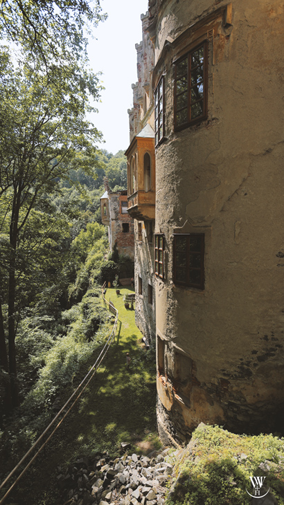- Charakter: mittelalterliche Burg mit späteren Umbauten und einem neogotischen Schlossanteil; liegt markant auf einem felsigen Vorsprung.
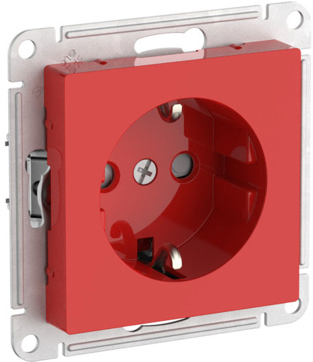 Розетка (безвинтовые клеммы) Atlas Design Antique, AtlasDesign Air, Atlas Design, со шторками, с заземлением, одинарная, безвинтовые клеммы, цвет - красный
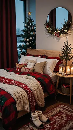 Forget about chilly winter mornings when you have a bed this cozy, practically a professional snuggling station! That big, vibrant red plaid blanket isn’t just for show; it’s your personal fortress against the cold, perfect for wrapping up tighter than a holiday gift. With the soft glow from the candles and twinkling lights reflecting off the window’s snowy view, you’ll probably spend more time ‘researching’ the optimal napping position than actually getting out of bed. This kind of Christmas bedroom decor just screams ‘stay in and watch holiday movies all day’ – and honestly, who are we to argue?
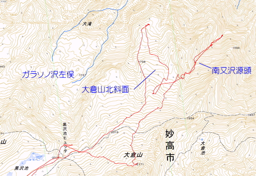 妙高 南又沢源頭&大倉山北斜面 スキー探索
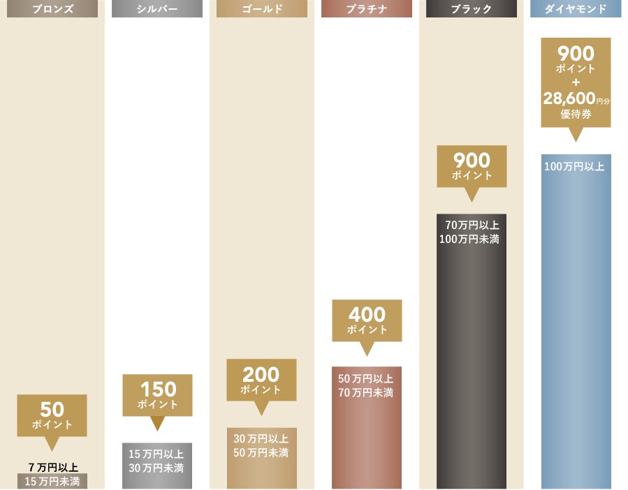※1月1日~12月31日の1年間のご利用金額に応じ「ステイタスランク」が決定し、翌年度4月1日~3月31日までの1年間それぞれのランクに応じた特典を受ける事が出来ます。
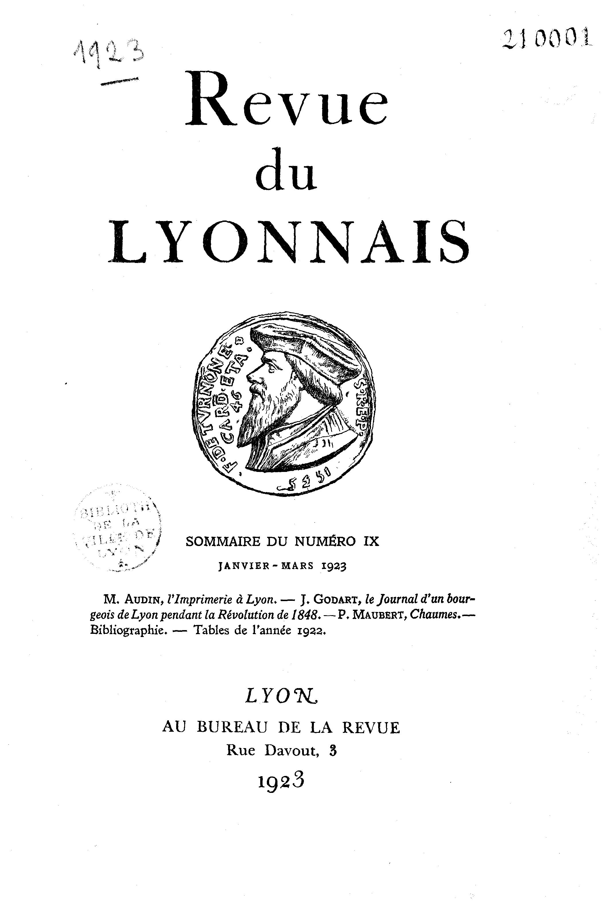 M. AUDIN, l'Imprimerie à Lyon. — J. GODART, le Journal d'un bour-
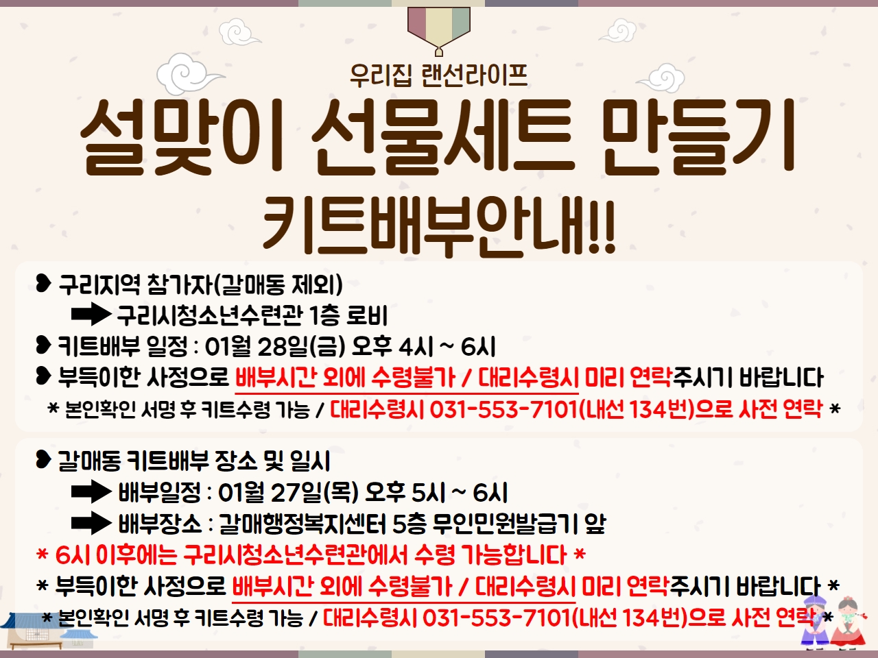 청소년수련관 < 우리집 랜선라이프-설맞이 선물세트 만들기 > 키트 배부 안내!
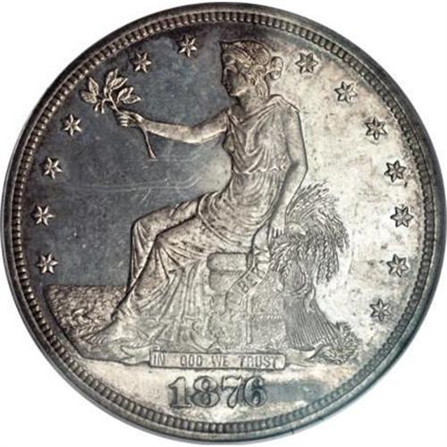 <B>1876 T$1 PR62 Cameo PCGS.</B></I> Type Two Obverse and Reverse. Proofs are known with Type One obverse and reverse, Type Two obverse and reverse, and transitionally with Type One obverse and Type Two reverse. This lightly toned proof has moderate cameo contrast with an essentially brilliant reverse.<BR><I>From The John Stimson, Sr. Collection, Part Two.</B></I><BR><BR><b>Shipping:</b> Coins & Currency (<a target="_blank" href="http://www.heritageauctions.com/common/shipping.php">view shipping information</a>)
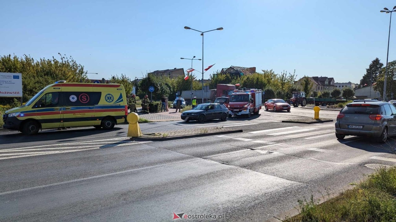 Do wypadku doszło przed godziną 17:00 w czwartek, 1 sierpnia. Na miejsce - na rondo im. Kupiszewskiego u zbiegu ulic 11 Listopada i Ostrowskiej zadysponowano służby ratunkowe. W zderzeniu z osobówką ucierpiał kierujący jednośladem. Poszkodowany został zabrany do szpitala.
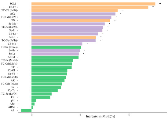 Random Forest Analysis of the Effects of Various Soil–Tea System Indices on Cd Content in Young Leaves. Note: Fr, Fibrous roots; Tr, Taproots; Ms, Main stems; Ls, Lateral stems; Ol, Old leaves; Yl, Young leaves. * p < 0.05; ** p < 0.01.
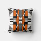 Des formes et des lignes géométriques en orange foncé, gris, noir et blanc se combinent pour créer un motif moderne, symétrique, semblable à un carreau du milieu du siècle (également d'influence méditerranéenne). Un aspect à la fois poli et exotique, une sorte de motif de mosaïque. Il s'agit d'un style vif et sophistiqué, qui met en valeur une qualité chic, polie et classe pour le salon, la chambre, l'espace de travail, la terrasse ou le patio. Il offre également un sentiment de chaleur, une ambiance détendue et paisible pour votre espace personnel, un endroit pour se retirer et contempler tout en étant à l'écart du monde animé de tous les jours. Il y a beaucoup de potentiel décoratif dans cette pièce d'accent, qui s'intègre avec un grand nombre de styles, du rétro/vintage au ranch rustique en passant par le loft urbain moderne ou l'élévation.

Try it: Please output, exactly as written, the lines above from the one holding "M. AUDIN, l'Imprimerie" through the one holding "<B>1876 T$1 PR62", both included, with the pictures omitted.

Result:
 M. AUDIN, l'Imprimerie à Lyon. — J. GODART, le Journal d'un bour-
 청소년수련관 < 우리집 랜선라이프-설맞이 선물세트 만들기 > 키트 배부 안내!
 <B>1876 T$1 PR62 Cameo PCGS.</B></I> Type Two Obverse and Reverse. Proofs are known with Type One obverse and reverse, Type Two obverse and reverse, and transitionally with Type One obverse and Type Two reverse. This lightly toned proof has moderate cameo contrast with an essentially brilliant reverse.<BR><I>From The John Stimson, Sr. Collection, Part Two.</B></I><BR><BR><b>Shipping:</b> Coins & Currency (<a target="_blank" href="http://www.heritageauctions.com/common/shipping.php">view shipping information</a>)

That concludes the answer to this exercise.